━━━━━ Records provided ━━━━━

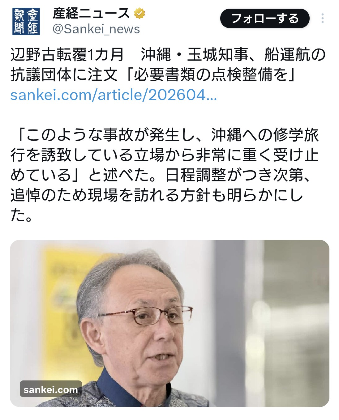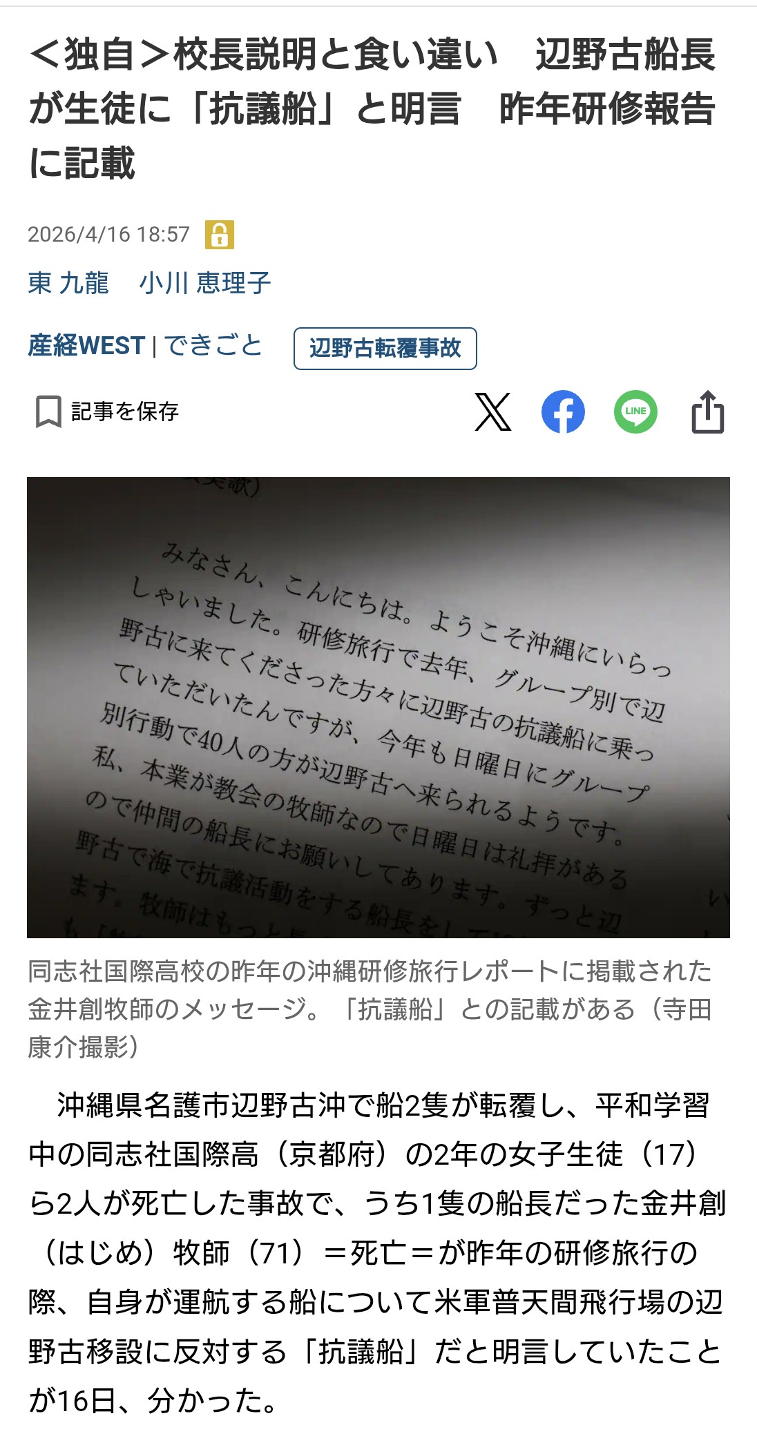 | … | 4無題Name名無し 26/04/18(土)07:53:37 IP:219.107.*(mesh.ad.jp)No.4398517+辺野古沖抗議船転覆事故報道及び知床遊覧船沈没事故報道比較 |
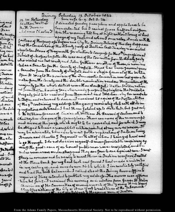 View full, authoritative transcriptions with page images of the diaries at John Quincy Adams Digital Diary part of the Primary Source Cooperative at the MHS.
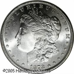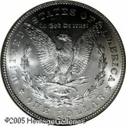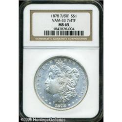 <B>1878 7/8TF<img border='0' src='http://www.heritagecoins.com/images/star.gif' width=10 height=10>$1 Strong MS65 NGC.</B></I> VAM-33. Portions of four feathers can be detected under the prominent tailfeathers. This snowy-white representative is especially smooth for the issue and displays a shimmering cartwheel sheen. Lot:9890
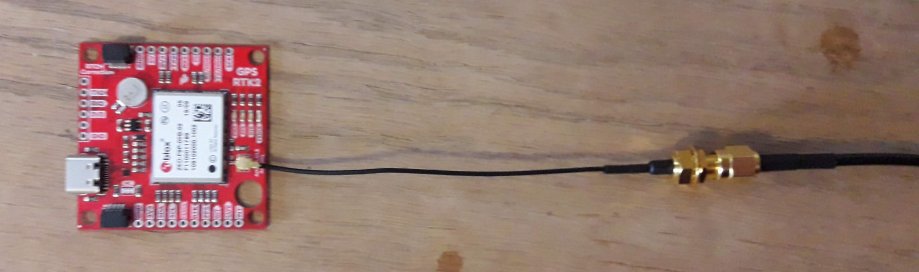- Screw the male SMA end of the GNSS antenna into the end of the female SMA/U.FL connector
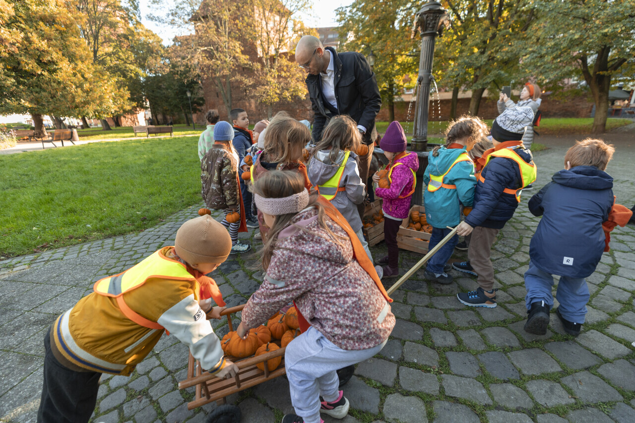 Gdańsk. Przystrajanie Placu Kobzdeja dyniami.
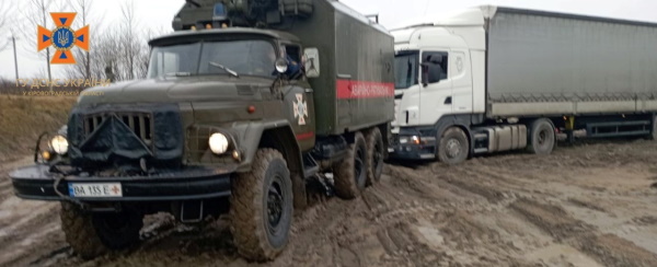 Силами особового складу 18-ої пожежно-рятувальної частини надано допомогу по буксируванню вантажного автомобiля з ускладненої дiлянки автодороги М-12 «Стрий-Тернопiль-Кропивницький-Знам’янка» на територiї Знам’янської територiальної громади.
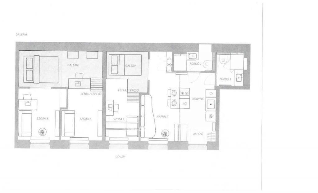 A lakás 71 nm-es, a magas belmagasság miatt galériás megoldásokkal bővítve.

━━━━━

Task goal –
What comes back should match the records exactly, minus any pictures.

Your response –
 | … | 4無題Name名無し 26/04/18(土)07:53:37 IP:219.107.*(mesh.ad.jp)No.4398517+辺野古沖抗議船転覆事故報道及び知床遊覧船沈没事故報道比較 |
 View full, authoritative transcriptions with page images of the diaries at John Quincy Adams Digital Diary part of the Primary Source Cooperative at the MHS.
 <B>1878 7/8TF<img border='0' src='http://www.heritagecoins.com/images/star.gif' width=10 height=10>$1 Strong MS65 NGC.</B></I> VAM-33. Portions of four feathers can be detected under the prominent tailfeathers. This snowy-white representative is especially smooth for the issue and displays a shimmering cartwheel sheen. Lot:9890
- Screw the male SMA end of the GNSS antenna into the end of the female SMA/U.FL connector
 Gdańsk. Przystrajanie Placu Kobzdeja dyniami.
 Силами особового складу 18-ої пожежно-рятувальної частини надано допомогу по буксируванню вантажного автомобiля з ускладненої дiлянки автодороги М-12 «Стрий-Тернопiль-Кропивницький-Знам’янка» на територiї Знам’янської територiальної громади.
 A lakás 71 nm-es, a magas belmagasság miatt galériás megoldásokkal bővítve.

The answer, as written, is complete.